Air Force chief says service must adapt to future combat

After more than 20 years of focusing on the Middle East, the U.S. Air Force must evolve to remain relevant to near-peer adversaries such as China and Russia on the battlefield of the future, a senior U.S. Air Force official acknowledged Wednesday.

Air Force Chief of Staff Gen. Charles Q. Brown Jr. said he started thinking about the Air Force’s new mission even when he was commander of air forces at U.S. Central Command. The abrupt end of the Afghan mission marks nearly two decades of symbolic focus on the global war on terror against small nations and stateless terrorist movements.

“The fight we’re in is not going to be the fight we’re going to be in in the future,” General Brown said Wednesday at a discussion hosted by the Hudson Institute.

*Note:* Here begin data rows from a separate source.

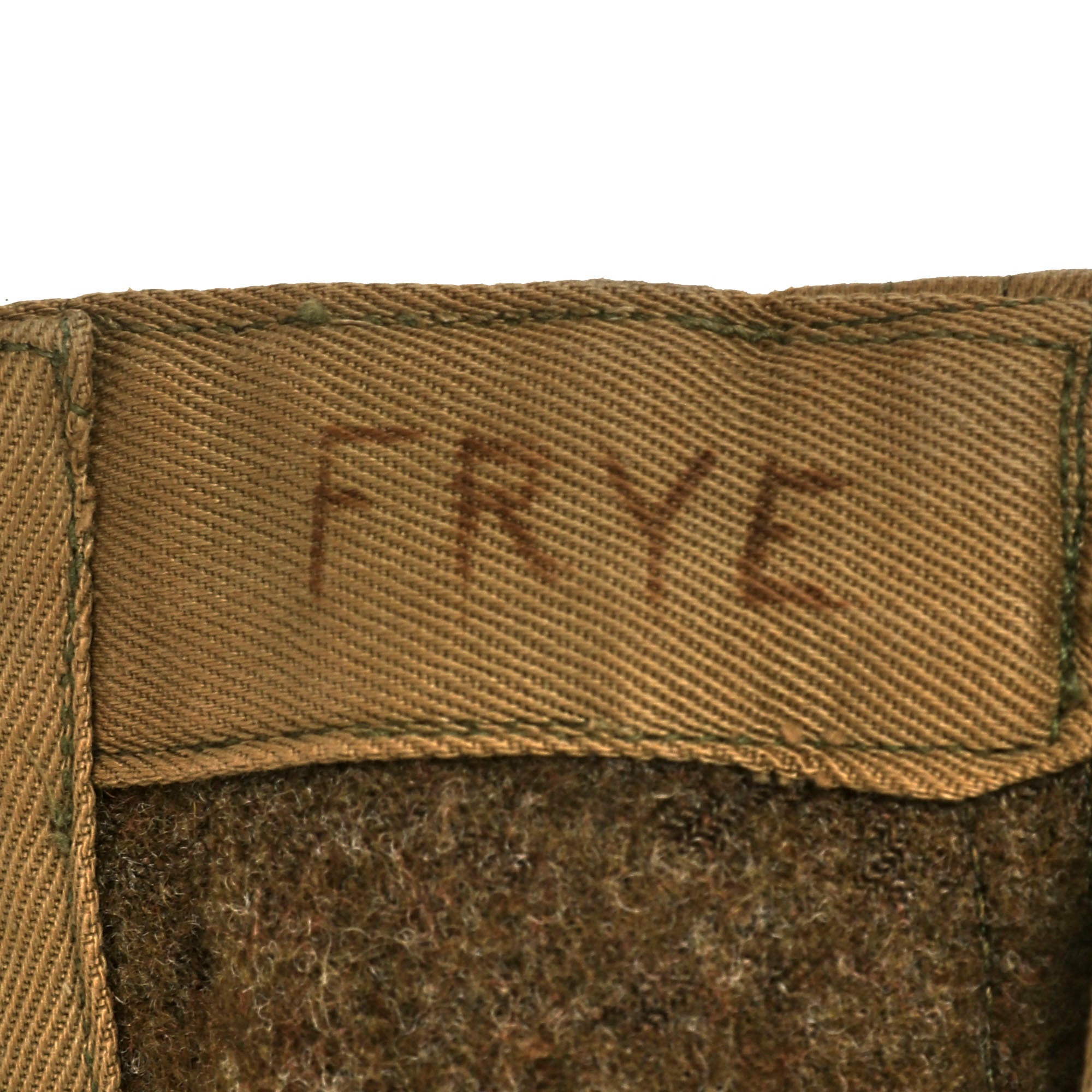 The coveralls are in good shape and don’t have any manufacturer’s marks we can see. There is a name, FRYE, near the top end of the zipper. A great set.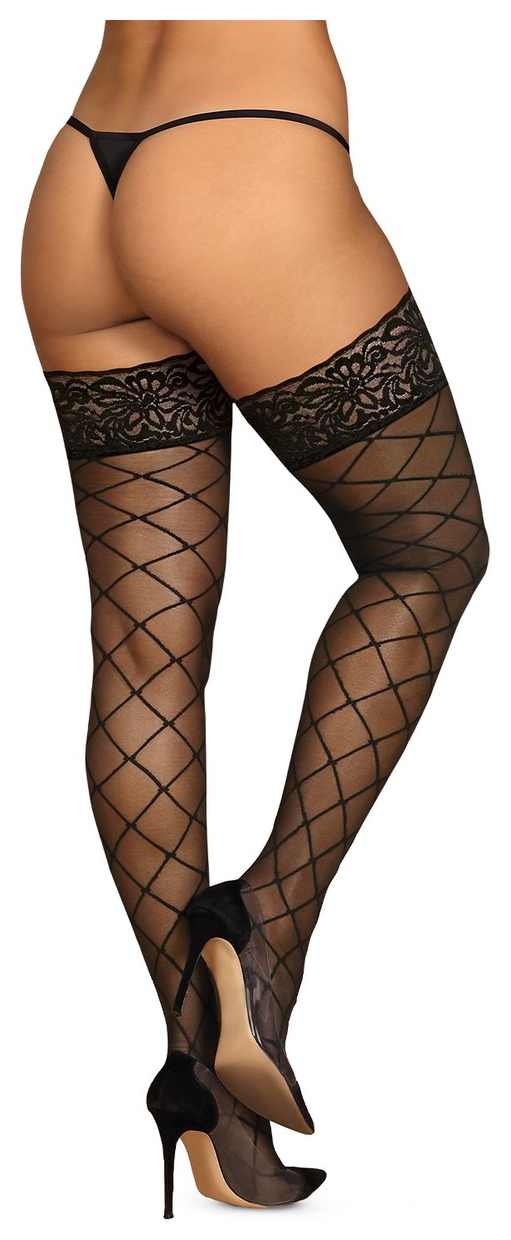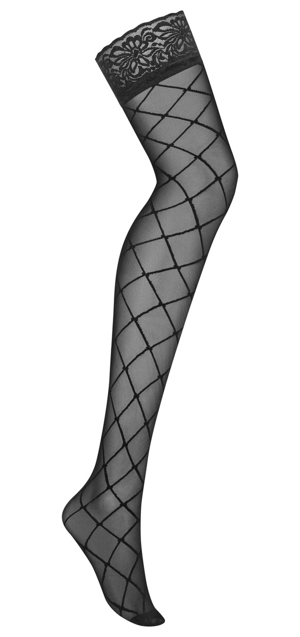Женские чулки с узором в крупную сетку, кружевная резинка с силиконовыми полосками.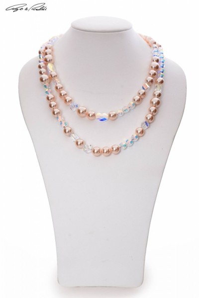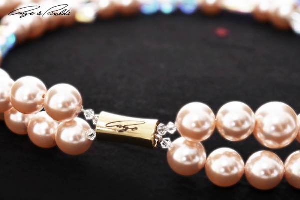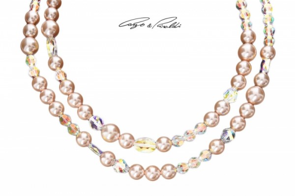 1677-es cikkszámú Cango&Rinaldi gyöngy dupla soros nyaklánc modell. Barack (Peach) színű gyöngy és színváltós (AB) színű kristály konbinációjából készült dupla soros Cango&Rinaldi nyaklánc, arany színű fém kellékkel, és mágnes zárral.

The U.S. military is facing challenges it has not faced since the end of the Cold War. China is a rising economic powerhouse with ambitious control over a large swathe of the Indo-Pacific. Russia’s invasion of neighboring Ukraine was the largest such operation since the end of World War II. At the same time, countries like Iran and North Korea launched attacks on their neighbors and developed sophisticated missiles capable of hitting targets thousands of miles away.

The renewed focus on traditional “great power” conflict has sparked a rethink across the U.S. military, with the Navy, Marine Corps, Army, and new Space Force all being forced to reposition and resize to deal with a very different mission. The Air Force’s culture shock can be particularly strong.

For years, the U.S. owned skies over countries like Iraq and Afghanistan and could launch air missions against targets with almost total impunity. This is unlikely to be the case for a country like China, which has rapidly expanded and improved its offensive and defensive aviation assets in recent years.

“You actually have to win air superiority. You don’t just walk in and have it,” General Brown said.

General Brown is trying to steer the Air Force through generational change while tackling challenges such as an aging fighter fleet and persuading potential recruits to sign on the dotted line. The service also wants to offload aging Cold War-era systems like the A-10 Thunderbolt tank killer.

“It forces us to think hard about how to make these changes,” he said. “We really have to think differently about how we approach things. We have to act differently and get resources and capabilities to fight different battles.”

U.S. troops sent to Iraq and Afghanistan are often assigned to bases with amenities such as well-stocked gyms, cafeterias and regular Wi-Fi. General Brown said that was unlikely to be repeated in future conflicts.

“We’re going to some places in the future where you might have to start from scratch in some cases,” he said. “You may not stay in that position because of the dynamic nature of the threat.”

Air Force leaders should also be willing to provide more information to their forces, General Brown said, calling it “about trusting and empowering our airmen.” They’ll also need solid working relationships with the defense industry — including mainline contractors and smaller tech companies that provide products usable by the military.

“We had to break some of these bureaucratic processes to adapt ourselves and move fast,” General Brown said.

He remains a staunch proponent of the Air Force’s “agile combat employment” doctrine, which is designed to improve survivability while still producing combat effectiveness. Future Air Force missions may see a fleet of F-22 fighter jets operating in different regions, with a small amount of logistical support to support them.

“Having the right mix of capabilities and the right mix of pilots doesn’t require you to bring everything,” General Brown said. “We often find that our pilots can do a lot more than we ask them to do.”